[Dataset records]
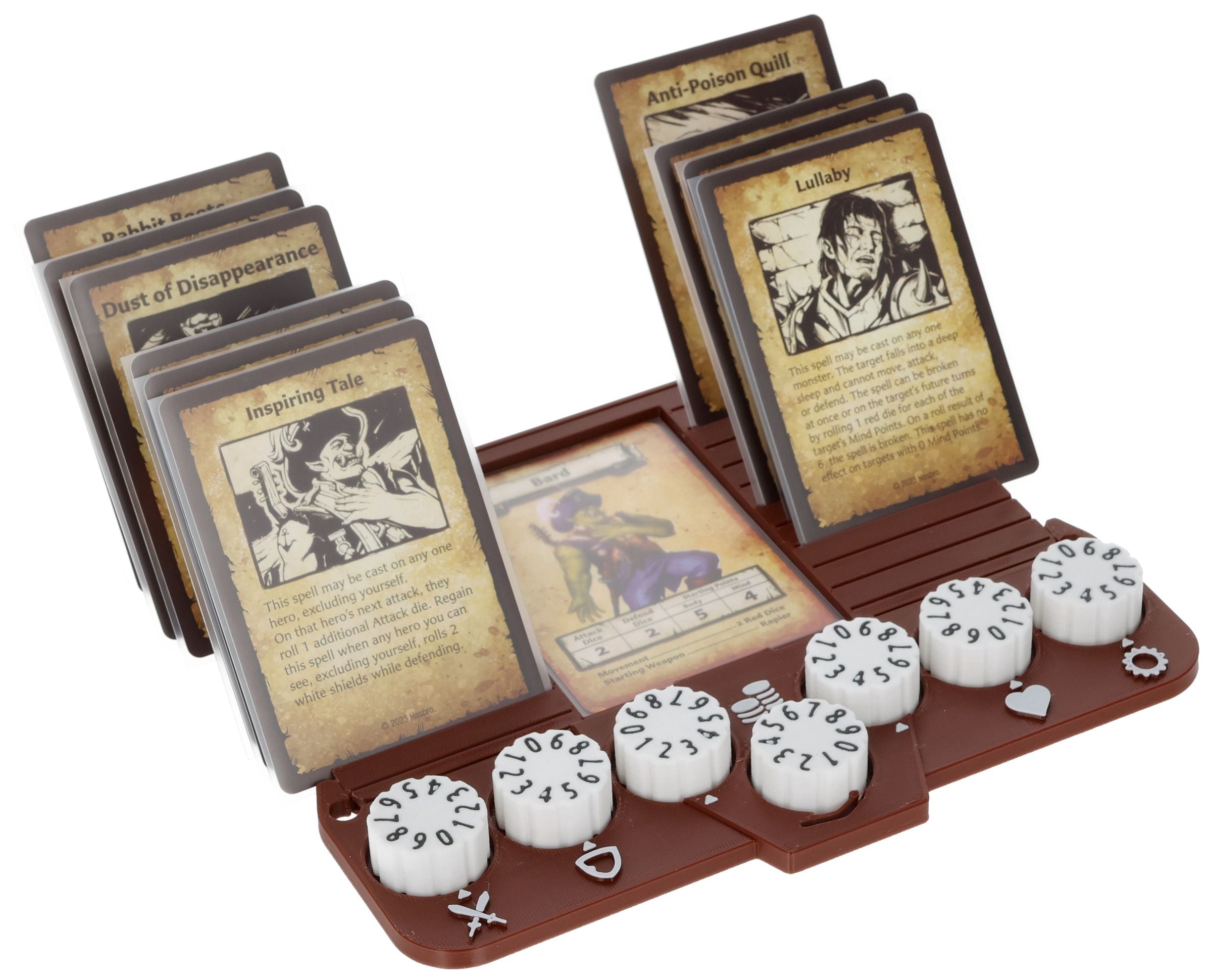- 23 slots and a storage compartment on the dashboard accommodate up to 24 game cards, such as equipment cards, treasure cards, magic cards, and rule summaries.
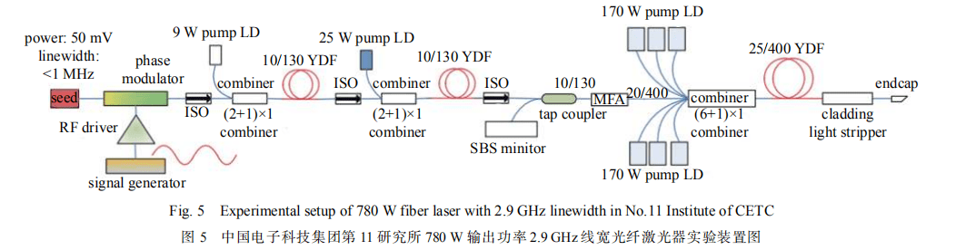 2014 年, 中國電子科技集團(tuán)有限公司第 11 研究所利用正弦調(diào)制方式將單頻激光器的光譜線寬展寬為2.9 GHz,采用三級放大結(jié)構(gòu)進(jìn)行放大,實(shí)驗(yàn)裝置如圖 5 所示。采用 976 nm 的半導(dǎo)體激光器泵浦基于 25/400 光纖的主放大系統(tǒng)進(jìn)行放大,激光器最終輸出功率達(dá)到了 780 W,光譜線寬保持為 2.9 GHz,光束質(zhì)量為
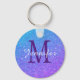 O Ombre Azul Roxo Glitter Esmaga Monograma Nome Chaveiro design de glamour Bonito no botão redondo chaveiro faz um presente de excelente ou ideia de favor para um aniversário, casamento ou qualquer ocasião. Modelo fácil disponibilizado para introduzir o seu próprio nome
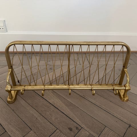 Eksklusiv fransk messing hattehylde fra 1950'erne med glashylde
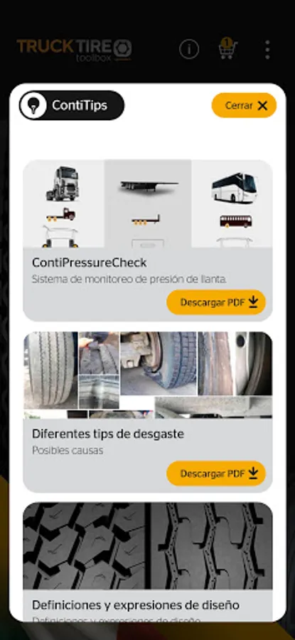 This application allows you to have all the necessary tools to be an expert in truck tires, without having to be connected to a WIFI network you can access the different multimedia contents of the app.
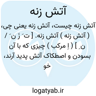 ( آتش زنه ) آتش زنه. [ ت َ زَ ن َ / ن ِ ] ( اِ مرکب ) چیزی که با آن بسودن و اصطکاک آتش پدید آرند، خواه از دو چوب باشد که زبرین را زند و زیرین را زنده گویند، و خواه از آهن و سنگ بود که آن را سنگ و چخماق خوانند. زند و زنده. قداحه. مقدحه. چخماق:
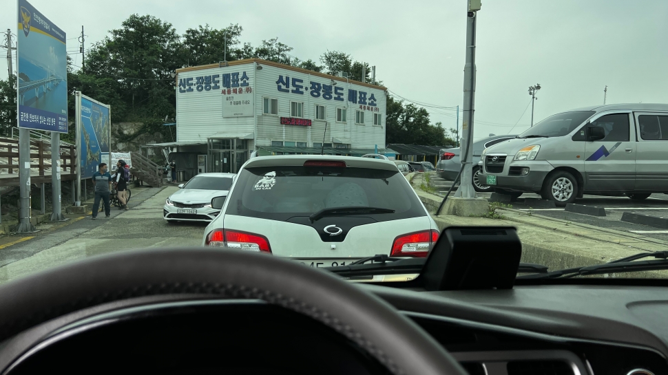 배를 타려면 반드시 신분증이 필요하다. 아이들은 주민등록번호만 기재하면 된다. 만약 신분증이 없다면 차로 10분 거리의 주민센터에서 등본을 발급받으면 된다. 표를 사고 배로 들어간다. 얼마 전 배낚시에서 멀미의 쓴맛을 봤던 아이들은 바짝 긴장했다. 차를 탄 채로 배에 들어가는 광경은 신기하다.
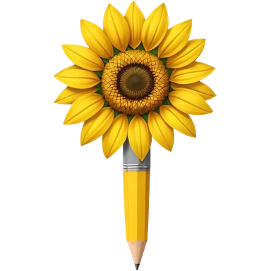A hyper-realistic object that is half sunflower and half wooden pencil, merging seamlessly at the midpoint. Bright yellow petals, natural textures, detailed graphite tip, soft studio lighting, high-resolution. emoji
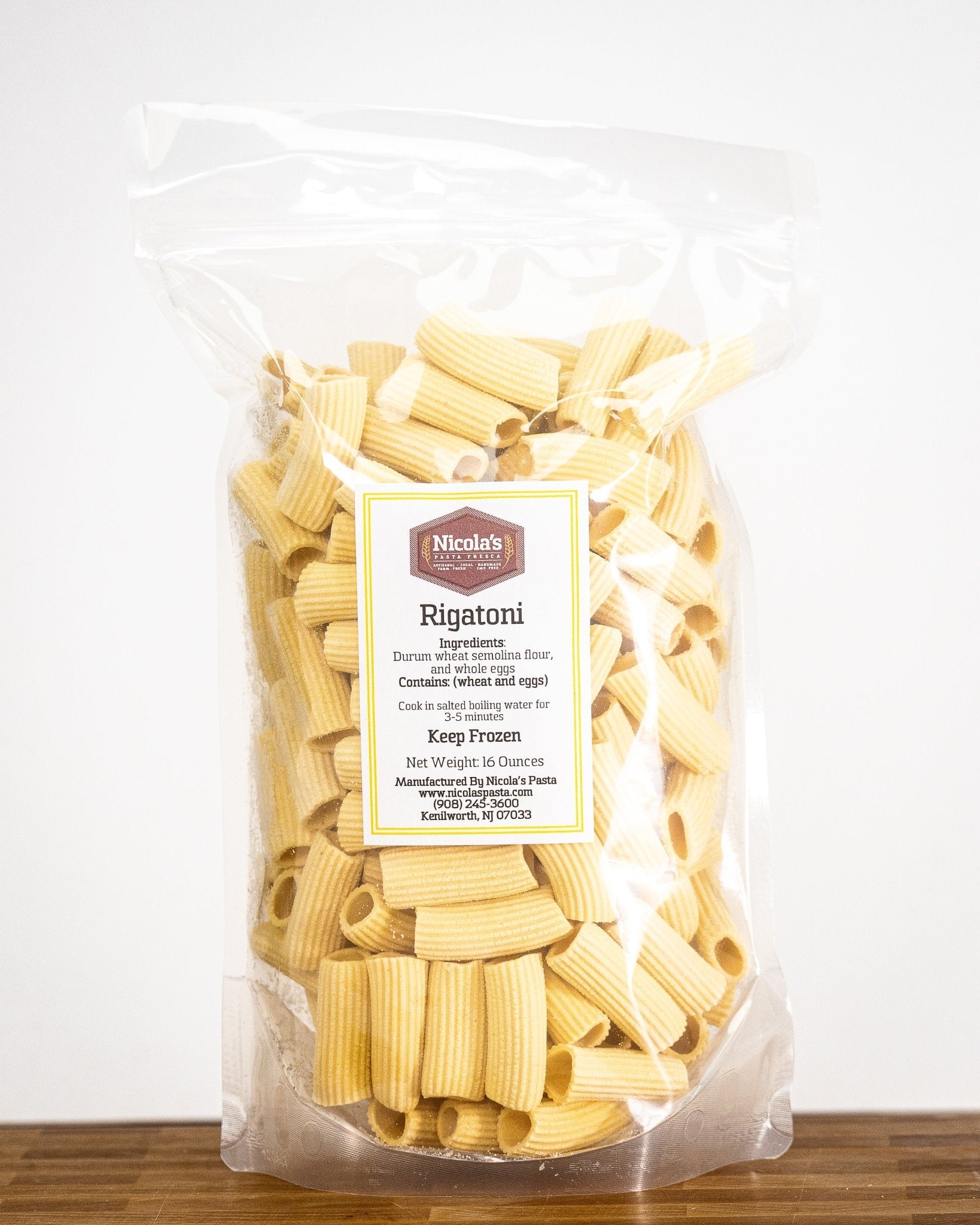 Enjoy the boldest flavor from our pasta menu with our dairy-free Rigatoni Pasta. Made in traditional Italian style with freshly sourced organic eggs and semolina flour sourced directly from Italy. It’s perfect for dinner or to gift someone and great for anyone who is lactose-intolerant. The ridges and holes in rigatoni make it great for pairing with any sauce, from creamy or cheesy to chunky meat sauces. It’s made fresh to order and flash frozen to retain freshness, hence it contains no preservatives.
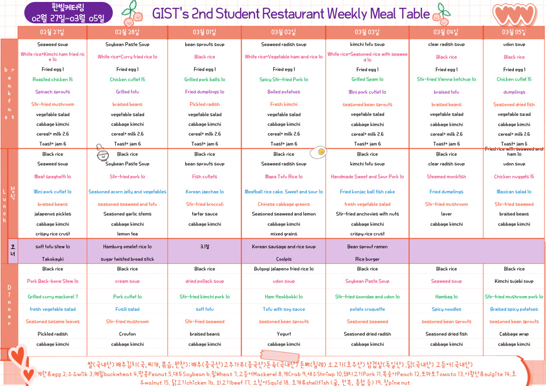 The 2nd Student Restaurant Weekly Meal Table (2023.02.27~23.03.05)

Work task: Your task is to restate word for word the lines from the one containing "A hyper-realistic object" through the last line of the data, both ends included, with no pictures.

Solution:
A hyper-realistic object that is half sunflower and half wooden pencil, merging seamlessly at the midpoint. Bright yellow petals, natural textures, detailed graphite tip, soft studio lighting, high-resolution. emoji
 Enjoy the boldest flavor from our pasta menu with our dairy-free Rigatoni Pasta. Made in traditional Italian style with freshly sourced organic eggs and semolina flour sourced directly from Italy. It’s perfect for dinner or to gift someone and great for anyone who is lactose-intolerant. The ridges and holes in rigatoni make it great for pairing with any sauce, from creamy or cheesy to chunky meat sauces. It’s made fresh to order and flash frozen to retain freshness, hence it contains no preservatives.
 The 2nd Student Restaurant Weekly Meal Table (2023.02.27~23.03.05)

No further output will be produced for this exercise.